Niger : « le peuple nigérien va dicter ses futures relations avec la France »

Niger

Une semaine après l’annonce par Emmanuel Macron du départ de son ambassadeur et des troupes françaises, le nouvel homme fort du Niger s’est exprimé à la télévision.

« Le peuple nigérien va désormais dicter la forme des futures relations avec la France », a affirmé le général Abdourahamane Tiani samedi 30 septembre au soir dans deux interviews en langues locales, une en djerma, l’autre en haoussa, à la télévision nationale, Tele Sahel.

Ces propos ont été tenus une semaine après l’annonce par le président français du départ de l’ambassadeur à Niamey, Sylvain Itté, rentré à Paris mercredi 27 septembre, et de celui « d’ici la fin de l’année » des quelque 1 500 militaires que compte la France au Niger, dans le cadre de la lutte anti-jihadiste.

Bras de fer entre le Niger et la France

Le régime nigérien avait ordonné l’expulsion du diplomate et dénoncé des accords de coopération militaire avec Paris, répétant vouloir le retrait des troupes françaises. « Nous sommes dans les préparatifs en vue de leur départ », a affirmé le général Tiani.

Le régime militaire est engagé dans un bras de fer avec la France depuis le coup d’État du 26 juillet qui a renversé le président élu Mohamed Bazoum, allié de l’ex-puissance coloniale. Celle-ci ne reconnaît pas les nouvelles autorités du Niger.

Risque d’effondrement du Sahel

« Comme ils (les Français) étaient là pour combattre le terrorisme et qu’ils ont unilatéralement arrêté toute coopération (…) leur séjour au Niger est arrivé à son terme », a déclaré Abdourahamane Tiani. « Ils ont dit qu’ils étaient venus pour aider à éradiquer le terrorisme. Non seulement ils n’ont pas chassé les terroristes mais les terroristes sont de plus en plus nombreux » , a-t-il déploré.

Le pays est miné à l’ouest et au sud-est par des attaques jihadistes récurrentes, perpétrées par des groupes liés à Al-Qaïda et à l’État islamique. De son côté, le ministre français des Armées Sébastien Lecornu a estimé vendredi que « le Sahel risquait de s’effondrer sur lui-même », suite au départ des soldats français du Mali et du Burkina Faso – également dirigés par des militaires – et bientôt du Niger.
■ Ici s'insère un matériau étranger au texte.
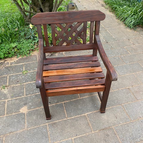 Flot havebænk i hårdt træ som lige har fået rå linolie og teaktræsolie
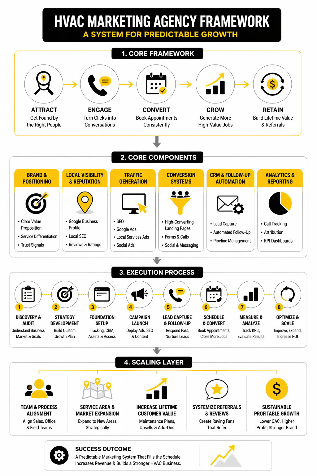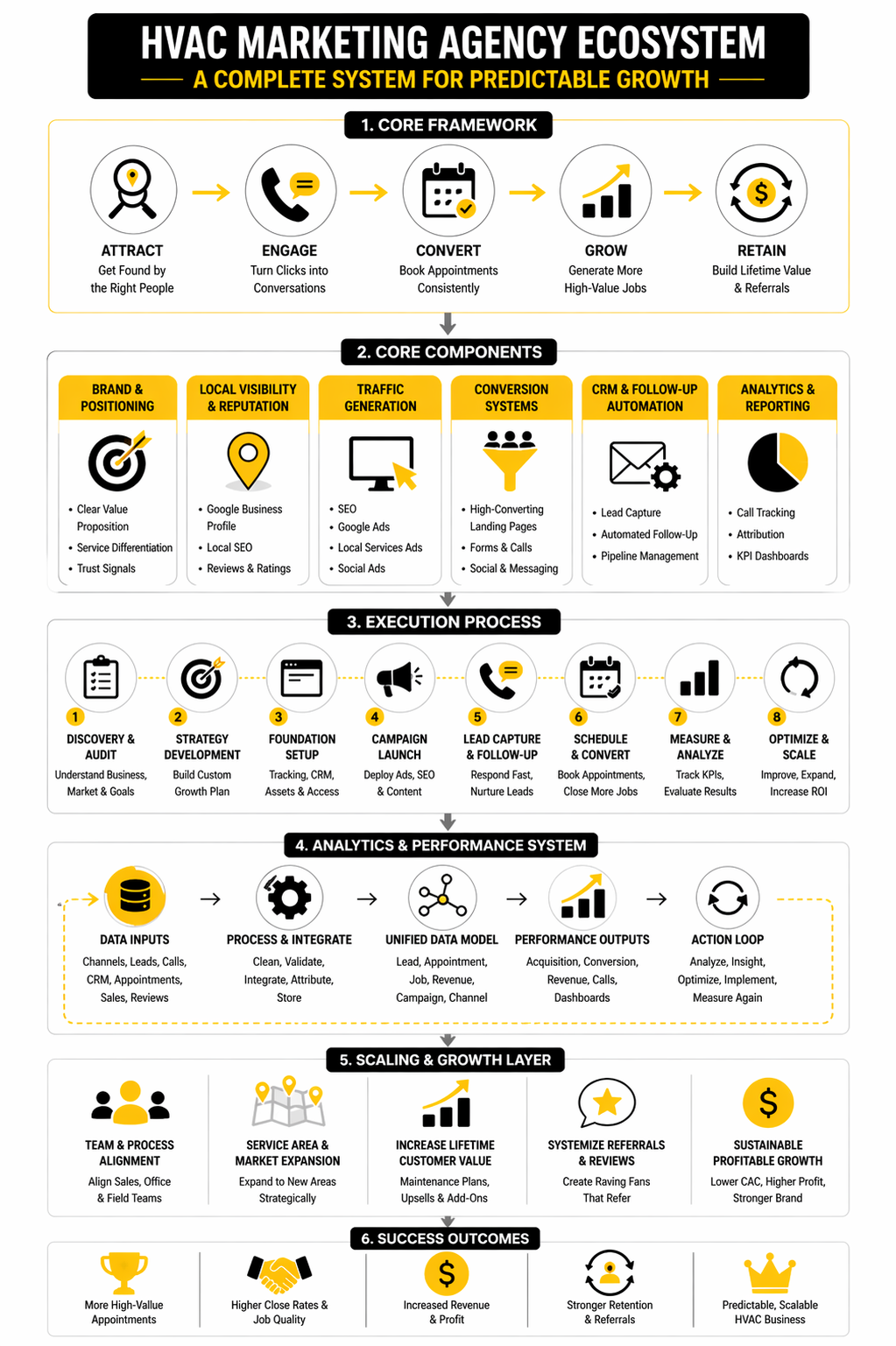 A real HVAC marketing agency should show how local visibility, paid traffic, intake, automations, and pipeline reporting reinforce each other. If those pieces are disconnected, the business pays for complexity without getting the benefit of an actual system.

« Nous avons été une solution pour la sécurité du Sahel », a-t-il insisté, non sans justifier une nouvelle fois son coup d’État par les attaques jihadistes. Le « pays risquait un jour de disparaître, nous avons alors décidé de prendre des mesures puisque les gens (au pouvoir sous Bazoum) n’écoutaient pas leurs conseillers militaires », a-t-il déclaré.

La France, par ailleurs, « n’est pas le seul pays avec lequel nous avons des relations culturelles », a-t-il ajouté, en réaction à la suspension de la délivrance de visas par Paris depuis le Niger, le Burkina Faso et le Mali.

« Dialogue national »

« Nous n’avons pas le droit de passer cinq ans au pouvoir, il faut être élu pour cela », a-t-il également assuré samedi soir, quelques semaines après avoir annoncé une transition de trois ans maximum.

Selon lui, « le problème ce n’est pas la démocratie, parfois ce sont les personnalités élues qui tordent le cou aux textes pour n’en faire qu’à leur tête ». Il a également justifié le coup d’État par « la dilapidation des deniers publics » par les anciens dirigeants. Le régime avait annoncé à ce sujet la création d’une commission de lutte contre la corruption.

Abdourahamane Tiani a rappelé la mise en place d’un « dialogue national » pour écrire de nouveaux textes régissant la vie politique nigérienne.

Depuis le coup d’État, le Niger fait l’objet de sanctions politiques et économiques  injustifiées de la Communauté économique des États d’Afrique de l’Ouest (Cedeao), qui a menacé le pays d’une intervention armée.

Alliance sahélienne

Selon le général Tiani, cette organisation « n’a même pas cherché » à « connaître les raisons » du coup d’État. Il déplore que « les populations souffrent de l’embargo ». Fustigé par des pays occidentaux et africains, le régime nigérien s’est trouvé de nouveaux alliés, le Mali et le Burkina.

Abdourahamane Tiani a rappelé avoir créé avec eux une coopération de défense, l’Alliance des États du Sahel (AES), précisant qu’« un accord économique viendrait ensuite ».